June

5 0 0
                                    

"What are you talking about?" Jonah folded her arms.

"It just opened," Dany insisted. "Come see for yourself."

Justin and Jonah did as the others stood in a daze. Rounding the corner, Justin found less of a door and more of a hole in the wall, a neat hole - clean-cut rectangle exposing a metal flight of stairs leading into a swath of black. It looked like it'd been concealed by a seamless panel in the wall.

"Who'd've thought," Jonah breathed. She shook her head. "This whole place is so ass-backwards."

She skipped toward the others eagerly. "It's here. Time to move."

Ella slowly unstuck herself from the floor and walked towards the hidden stairwell. Artie had appeared somewhere in the chaos, and followed close behind her- but not without a glance at Peter, who stood frozen. Ivy stayed underneath him.

Peter bowed his head, letting the cord dig further into his neck. Relief?

"Peter?" Ivy called. Her voice was quiet. "You did it. Let's go."

For reasons he wasn't too sure of, Justin walked forward. He sensed no one else at his side.

"Peter? Are you okay?"

Justin stopped beside Ivy, at the height of Peter's knees, and looked up. Peter was breathing heavy, eyes staring into nowhere. For the first time Justin noticed patches of sweat wetting his tee, and closer to Peter's face than ever, he now noticed the bags under his eyes that belied too few good nights of sleep. The fingers of Peter's good arm reached up and stroked the cable under his chin absent-mindedly.
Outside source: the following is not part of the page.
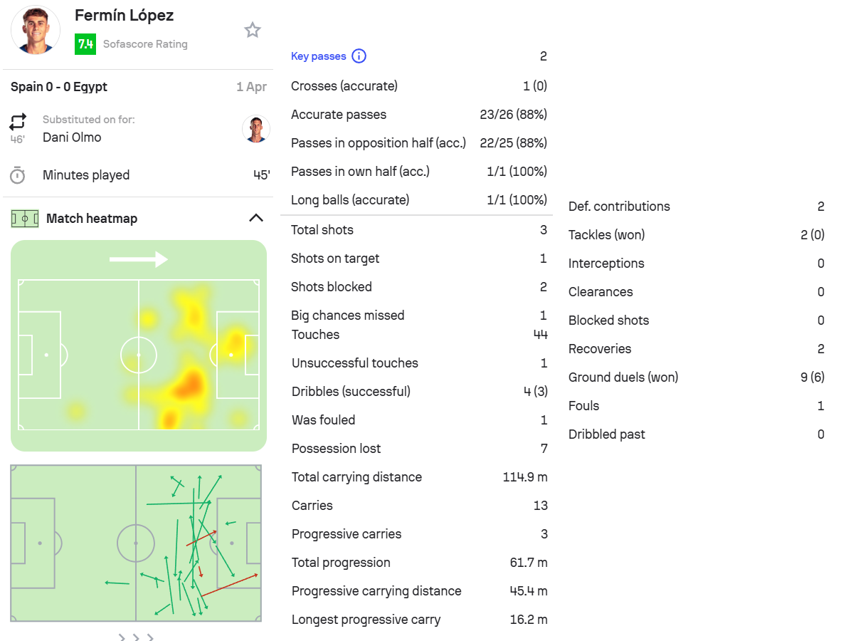 3.费尔明,西班牙0-0埃及,第46分钟替补出场。

"Casper could die," he finally said. His voice was low and strangled. "Couldn't he?"

"No," Ivy answered. "No! You rearranged the terms of the deal, you- you fixed it--!"

"It wouldn't be your fault," Justin told him.

Peter laughed, the same sad laugh he'd heard several nights ago.

"The hell it wouldn't." He frowned, then tried to gulp, but the noose didn't make it easy; instead he made a sort of gurgling noise that made Justin feel queasy. Peter slowly took his head out from the loop, and sat down on the table. As he did so Justin heard a faint whistle, like an air current, coming from the pillar – surely from the basement. Looking down, Justin noticed the microphone on the ground where Ivy had dropped it while rushing for a chair; it still blinked with a tiny red light. He rolled a foot on top of it. It cracked as it broke, light extinguished.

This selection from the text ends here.